━━━━━ PROVIDED RECORDS
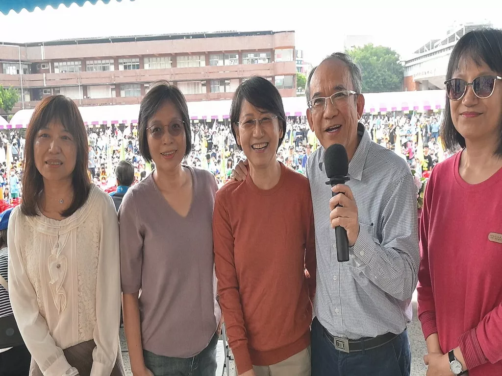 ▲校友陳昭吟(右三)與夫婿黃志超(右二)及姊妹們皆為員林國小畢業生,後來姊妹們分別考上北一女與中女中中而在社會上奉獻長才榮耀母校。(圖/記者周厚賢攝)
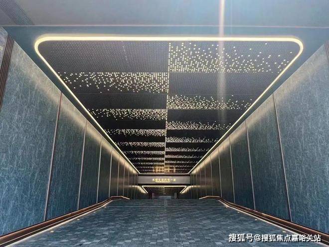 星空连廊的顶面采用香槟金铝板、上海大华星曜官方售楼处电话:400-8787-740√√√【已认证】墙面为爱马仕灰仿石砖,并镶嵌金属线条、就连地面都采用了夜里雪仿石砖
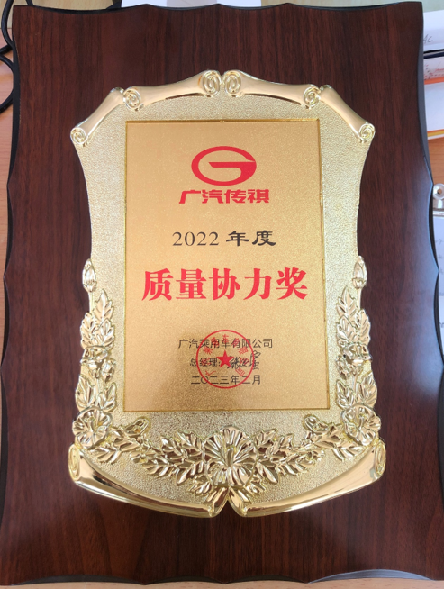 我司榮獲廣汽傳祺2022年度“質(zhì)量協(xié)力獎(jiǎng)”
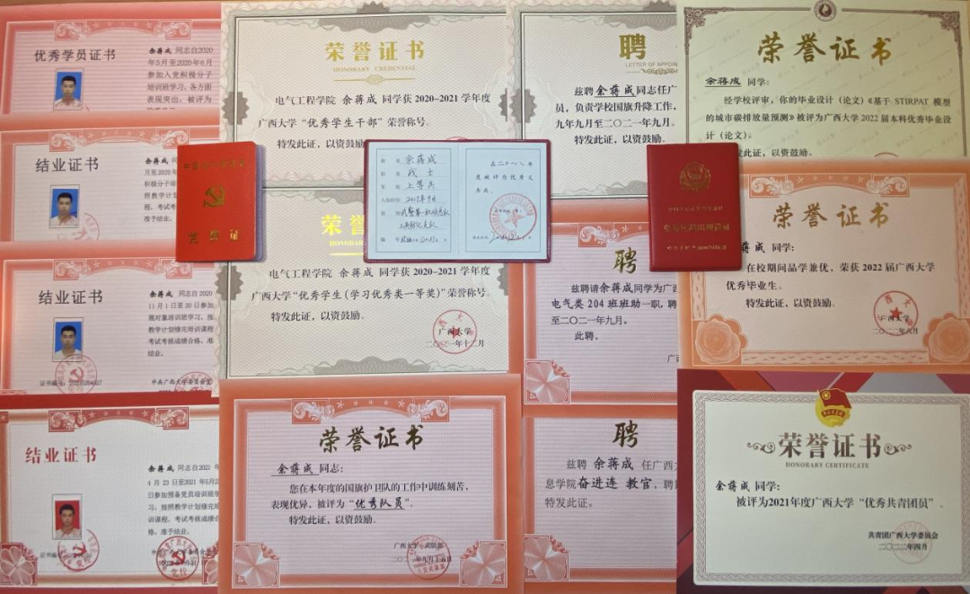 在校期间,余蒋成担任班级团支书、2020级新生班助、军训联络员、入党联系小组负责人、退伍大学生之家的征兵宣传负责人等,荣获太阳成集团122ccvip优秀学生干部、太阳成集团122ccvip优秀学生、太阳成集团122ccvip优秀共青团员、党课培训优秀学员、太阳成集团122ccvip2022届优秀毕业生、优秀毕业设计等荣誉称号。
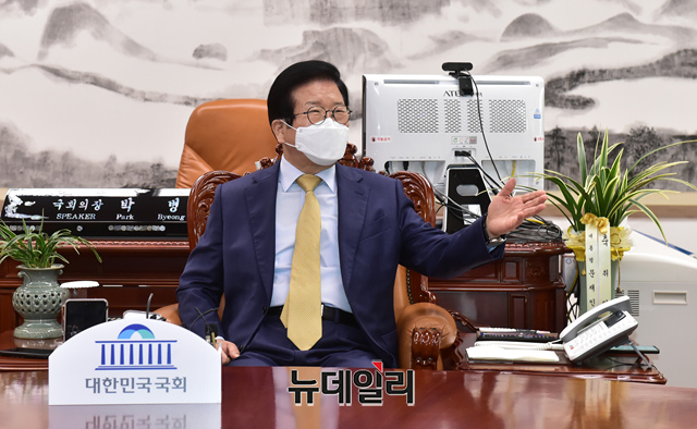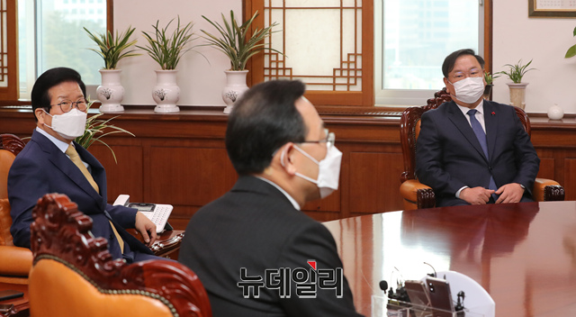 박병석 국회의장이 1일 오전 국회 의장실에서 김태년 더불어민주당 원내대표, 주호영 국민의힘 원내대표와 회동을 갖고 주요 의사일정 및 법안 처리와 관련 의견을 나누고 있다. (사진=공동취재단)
━━━━━━━━━━
= YOUR GOAL =
An exact copy of every entry, minus the pictures, is what you should return.

= ANSWER BOX =
 ▲校友陳昭吟(右三)與夫婿黃志超(右二)及姊妹們皆為員林國小畢業生,後來姊妹們分別考上北一女與中女中中而在社會上奉獻長才榮耀母校。(圖/記者周厚賢攝)
 星空连廊的顶面采用香槟金铝板、上海大华星曜官方售楼处电话:400-8787-740√√√【已认证】墙面为爱马仕灰仿石砖,并镶嵌金属线条、就连地面都采用了夜里雪仿石砖
 我司榮獲廣汽傳祺2022年度“質(zhì)量協(xié)力獎(jiǎng)”
 在校期间,余蒋成担任班级团支书、2020级新生班助、军训联络员、入党联系小组负责人、退伍大学生之家的征兵宣传负责人等,荣获太阳成集团122ccvip优秀学生干部、太阳成集团122ccvip优秀学生、太阳成集团122ccvip优秀共青团员、党课培训优秀学员、太阳成集团122ccvip2022届优秀毕业生、优秀毕业设计等荣誉称号。
 박병석 국회의장이 1일 오전 국회 의장실에서 김태년 더불어민주당 원내대표, 주호영 국민의힘 원내대표와 회동을 갖고 주요 의사일정 및 법안 처리와 관련 의견을 나누고 있다. (사진=공동취재단)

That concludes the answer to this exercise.